Histogram Explained with Examples, Types, and More
What is a Histogram?
A histogram represents values in a group of data that appear as vertical bars side-by-side. The height of each bar tells how many times (frequency or count) these values in that range occur in the data. It is a visual summary of a dataset's distribution and frequency of values.
Components of a histogram include
- Bins or Intervals - Bins in histogram represent the intervals or ranges into which the data is divided. Each bar in the histogram defines the frequency of data points within a particular bin.

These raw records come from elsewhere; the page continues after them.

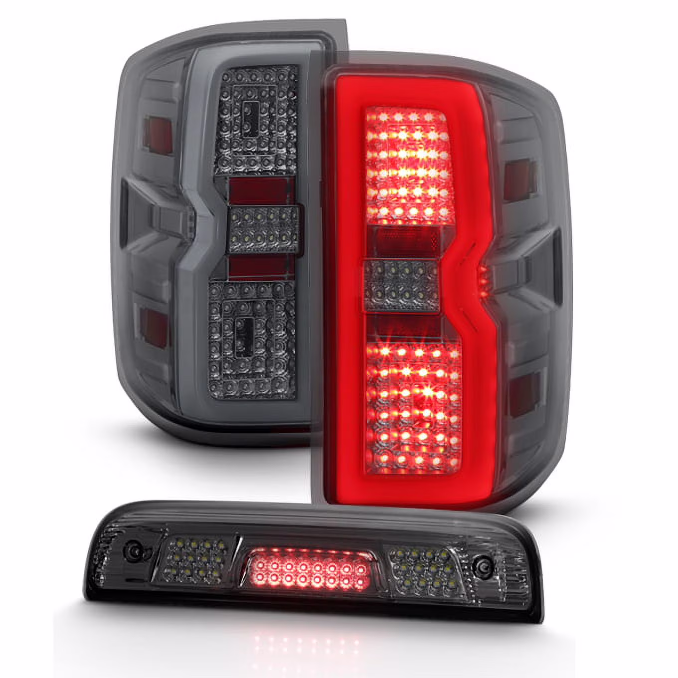 AKKON - For 2014-2019 Chevy Silverado | GMC Sierra LED Tube Tail Lights + 3rd Brake Light Set - Smoke Pair
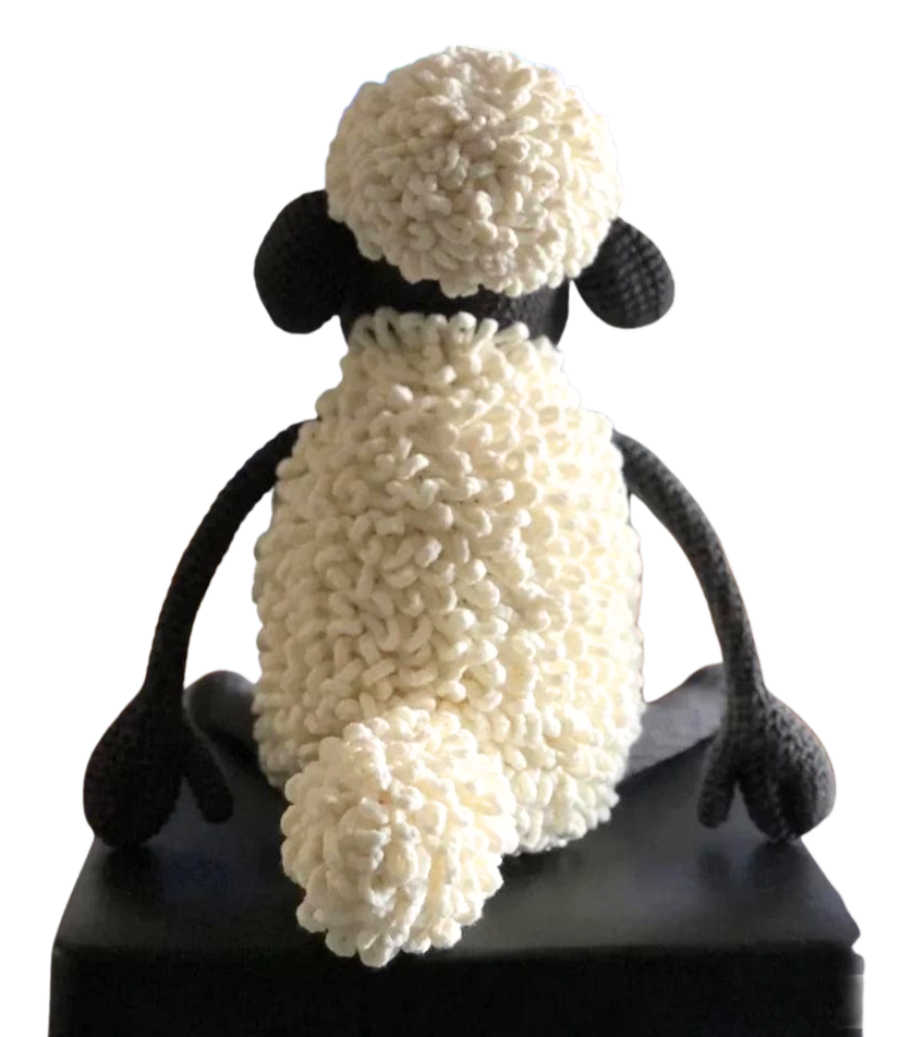 Materials: YC Poppy 25g, 5 x balls white and 2 x balls black, a 2.5mm crochet hook, 2 x 10mm black shank buttons or black embroidery yarn, fiber fill, & yarn needles.
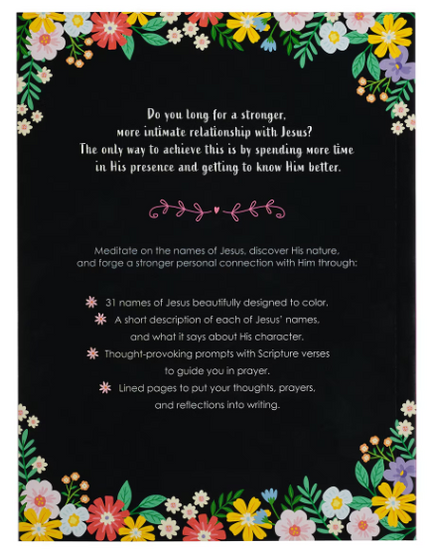 The Names of Jesus Prompted Coloring Prayer Journalis a guided coloring prayer journal that will inspire you to meditate on the names of Jesus and forge a stronger personal connection with Him.
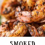 - Smoke for 30–45 minutes or until shrimp are pink, opaque, and slightly browned on edges.
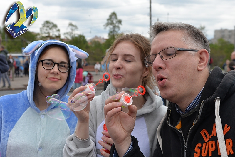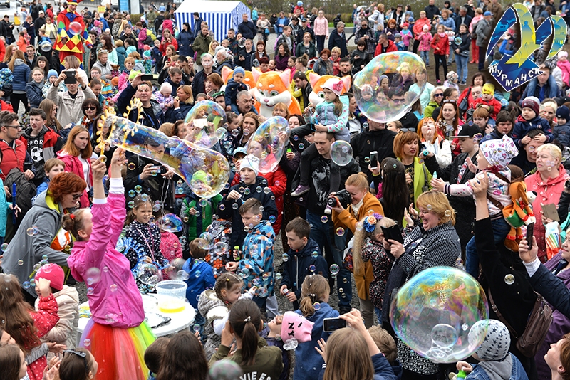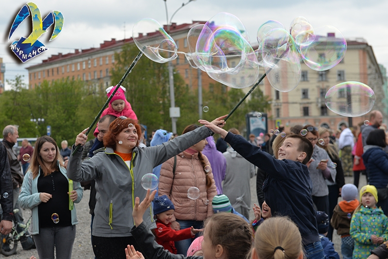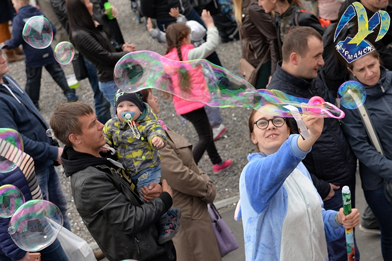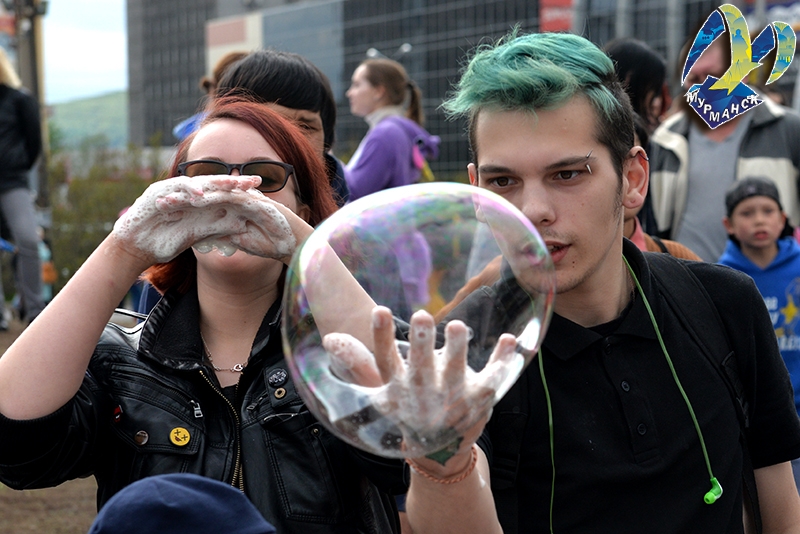 На центральной площади города прошел традиционный семейный фестиваль «Мой мыльный Мурманск», организованный при поддержке мурманского Дома молодежи и Объединения молодежных центров.

- Bars - The bars are the vertical columns representing the frequency or count of data points falling within each bin. The height of each bar corresponds to the frequency of data points in that bin.

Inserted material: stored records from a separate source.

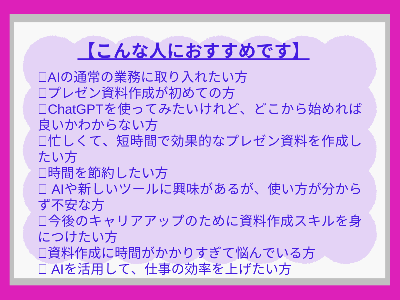 プレゼン資料の作り方を分かりやすく教えて頂きました。早速仕事に使わせて頂きます
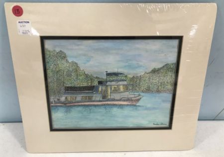 Pen and Watercolor of Boat by Kristen Selman, Jackson Prep, matted, unframed, 12 1/2"h., 14"w. Pen and Watercolor of Boat by Kristen Selman, Jackson Prep, matted, unframed, 12 1/2"h., 14"w.
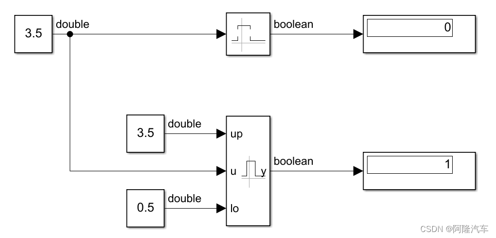 不包含边界值的时候,模块图标也会变化,3.5不在(0.5, 3.5)之内,输出为false。
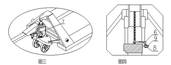 6 、如圖三扳動手柄3,拔出銷子7,并將銷子7妥善保存,以備下次更換手柄時使用。
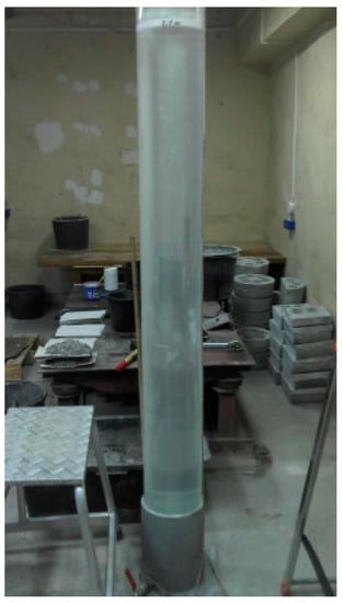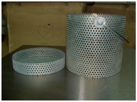 The method for determining wash-out loss for the concrete mix has been developed in Belgium. The method has been standardized in the USA and described in the instruction CRD-C61-89A [36]. The procedure consists of immersing the concrete mix sample, placed in the perforated container, in the cylindrical plastic pipe filled with water. Then, the loss of mass of the concrete mix is determined. The concrete mix container is cylindrical with a diameter of 130 ± 2 mm and a height of 120 ± 2 mm. It consists of a perforated steel plate with a thickness of 1.4 mm (Figure 3). The transparent pipe in which the test is performed has a height of 2000 ± 2 mm and an internal diameter of 190 ± 2 mm (Figure 4).
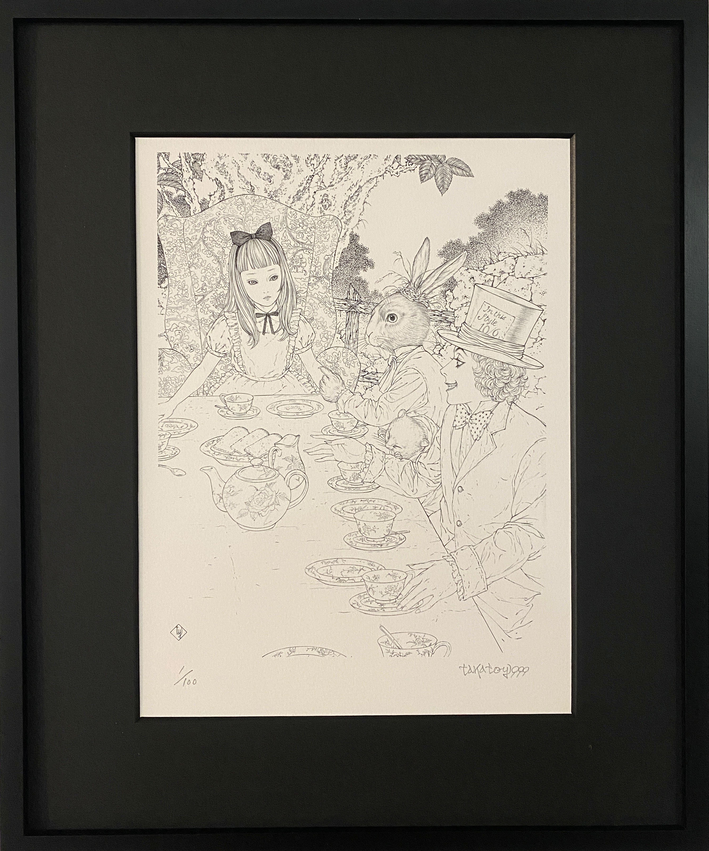 山本タカト 複製画「アリス茶話會モノクロ」

- X-axis and Y-axis - The x-axis represents the intervals or bins, while the y-axis represents the frequency or count of data points within each interval.
- Title and Labels - A histogram should have a title that describes the data being represented. Additionally, it should have labels for the x-axis and y-axis to provide context and clarity.
Best-suited Statistics for Data Science courses for you
Learn Statistics for Data Science with these high-rated online courses
Basic Histogram Example
Given this basic histogram definition, let’s look at one example.
Let's say you have a list of exam scores for a class of students as a dataset.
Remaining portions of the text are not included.